- Provided data
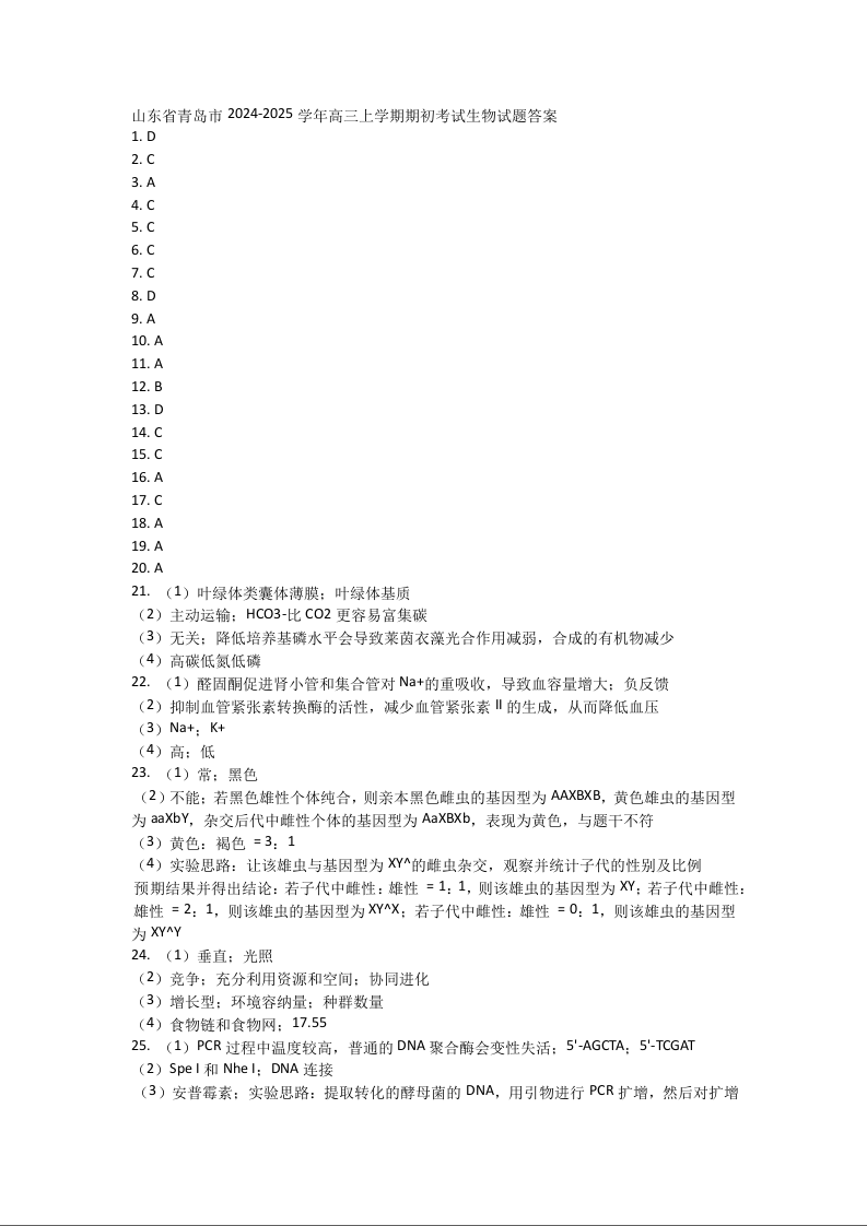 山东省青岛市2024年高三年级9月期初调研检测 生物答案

--

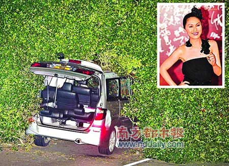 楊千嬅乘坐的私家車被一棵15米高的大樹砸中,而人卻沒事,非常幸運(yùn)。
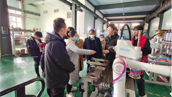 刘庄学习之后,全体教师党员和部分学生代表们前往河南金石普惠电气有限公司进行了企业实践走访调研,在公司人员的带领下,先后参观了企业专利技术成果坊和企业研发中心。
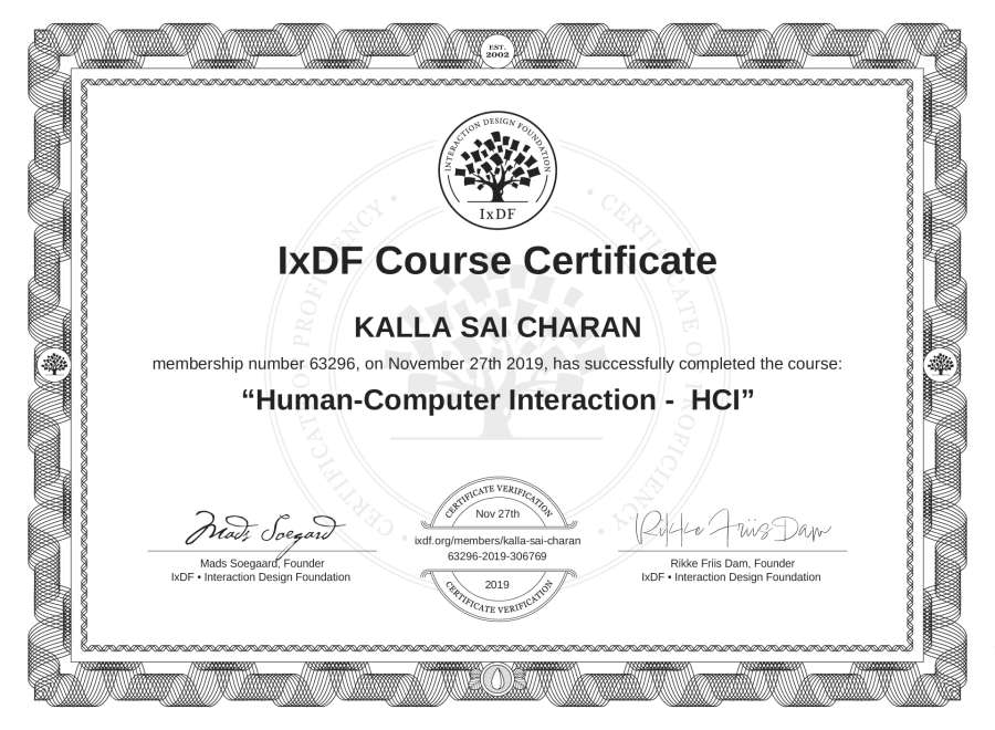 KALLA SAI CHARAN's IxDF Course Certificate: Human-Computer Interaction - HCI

- Instructions for the task
Look above for the line with "刘庄学习之后,全体教师党员和" and the line with "KALLA SAI CHARAN's"; set down those two lines and all lines between them exactly, without pictures and without anything else.

- Answer to this problem
 刘庄学习之后,全体教师党员和部分学生代表们前往河南金石普惠电气有限公司进行了企业实践走访调研,在公司人员的带领下,先后参观了企业专利技术成果坊和企业研发中心。
 KALLA SAI CHARAN's IxDF Course Certificate: Human-Computer Interaction - HCI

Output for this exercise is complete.